2. A system as claims in claim 1, wherein said instruments comprise measuring probes, cameras, a packer, plug or valve-type well equipment or wall perforation tools.

3. A system as claimed in claim 2, wherein another end of the semi-rigid rod is wound round a drum outside the pipe.

4. A system as claimed in claim 2, wherein the pipe comprises a portion that is inclined enough to allow weights to move under the effect of gravity, wherein weights are connected to said other end of semi-rigid rod and wherein said weights are suspended in the pipe by a cable wound around a winch outside of said pipe.

5. A system as claimed in claim 4, wherein extension means of determined length are interposed between said displacement means and said instruments.

6. A system as claimed in claim 5, wherein said extension means comprise a semi-rigid rod length.

7. A method or displacing instruments in a pipe having a portion greatly inclined to the vertical wherein the method comprises:fastening a set of instruments to a first end of electrically-powered displacement means, connecting an end of a semi-rigid composite rod that can be wound around a drum and including at least one electric conductor therein to a second end of said displacement means, displacing said set of instruments in the pipe through a combined thrust action by means of rod and of said displacement means.

8. A method as claimed in claim 7, wherein said thrust is exerted by means of the rod by actuating a mechanical injector (6) for injecting the composite rod into pipe.

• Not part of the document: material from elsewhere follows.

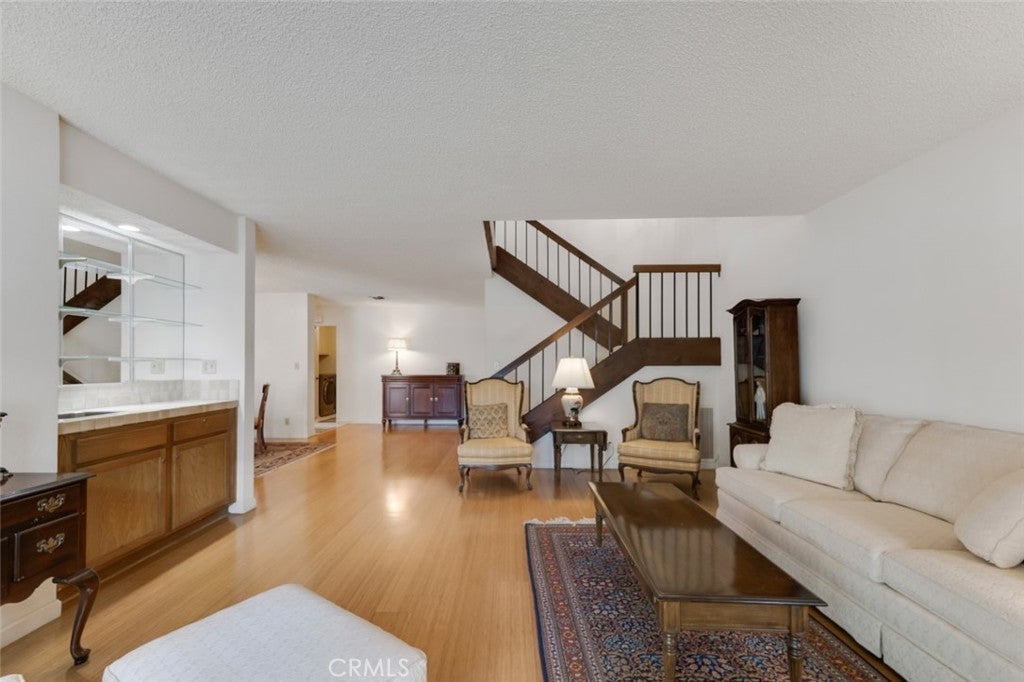 Located in sought-after Northridge Townhome Estates and designed by famed architect William Krisel, AIA, this move-in-ready end-unit townhome offers an amazing layout across 2,061 sq ft of comfortable living space with plenty of potential to make it your own. Served by highly-rated Granada Hills High, Nobel Middle, and Topeka Elementary schools with new windows throughout providing an abundance of natural light. Gleaming bamboo flooring runs through the main living areas, while custom plantation shutters add style and efficiency. The entry opens to an inviting living room with wet bar, a fireplace flanked by a floor-to-ceiling window and wall-to-wall sliding glass door leading to a large, enclosed patio that is also accessible from the kitchen, creating an easy indoor-outdoor flow for relaxing or entertaining. Open to the living room is a formal dining area that connects to a galley-style kitchen with new gas range and abundant storage, along with sliding glass door to the private patio. A dedicated laundry room includes newer washer and dryer, and direct access to the 2-car, attached garage. A convenient powder bath for guests completes the main level. The open staircase with soaring ceiling creates a sense of grandeur and leads to a spacious loft/bonus room highlighted by a wall of windows—ideal as a family room, home office, art studio or yoga space. All 3 bedrooms are located on the second level, including a primary suite with cathedral ceiling and en-suite bathroom with dual sinks, plus a full hall bathroom serving both secondary bedrooms. Residents enjoy resort-style amenities including 3 community pools, spa, 3 tennis courts, fitness center, clubhouse with pool table, ping-pong table, and community library, all within beautifully maintained grounds, with dues covering security patrol, earthquake insurance, water, sewer, trash and basic cable. The location also places you near premier shopping and dining at Northridge Fashion Center, live performances at The Soraya theater at CSUN, outdoor recreation at Aliso Canyon Park, and convenient access to the 118 and 405 freeways.

9. A method as claimed in claim 7, wherein said thrust is exerted by means of the rod by fastening weights to the other end of said rod, and by suspending said weights in the pipe by a logging type cable.

10. A method as claimed in claim 9, wherein extension means of determined length are interposed between said instruments (4) and said displacement means.

11. A system as claimed in claim 1, wherein another of the end of the semi rigid rod is wound round a drum outside the pipe.

12. A system as claimed in claim 1, wherein the pipe comprises a portion that is inclined enough to allow weights to move under the effect of gravity, wherein weights are connected to said other end of the semi-rigid rod and wherein said weights are suspended in the pipe by a cable wound around a winch outside of said pipe.

13. A system as claimed in claim 1, wherein extension means of determined length are interposed between said displacement means and said instruments.

14. A system as claimed in claim 3, wherein extension means of determined length are interposed between said displacement means and said instruments.

15. A method as claimed in claim 7, wherein extension means of determined length are interposed between said instruments and said displacement means.

16. A method or displacing instruments in an oil well having a portion with a horizontal component so as to extend substantially horizontal, the method comprising:fastening a set of instruments to a first end of electrically-powdered displacement means, connecting an end of a semi-rigid composite rod that can be wound around a drum and including at least one electric conductor therein to a second end of said displacement means, displacing said set of instruments in the oil well through the horizontally extending portion with combined thrust action by said rod and said displacement means.

17. A method as claimed in claim 16, wherein said thrust is exerted by means of the rod by actuating a mechanical injector for injecting the composite rod into the well.

18. A method as claimed in claim 16, wherein said thrust is exerted by means of the rod by fastening weights to the other end of said rod, and by suspending said weights in the well by a logging type cable.

19. A method as claims in claim 16, wherein an extension of determined length is interposed between said instruments and said displacement means.

20. A method as claims in claim 16, wherein the portion with the horizontal component comprises at least one lateral hole.

21. The method of claim 7, wherein the pipe is rigid.

22. The method of claim 7, wherein the pipe is flexible.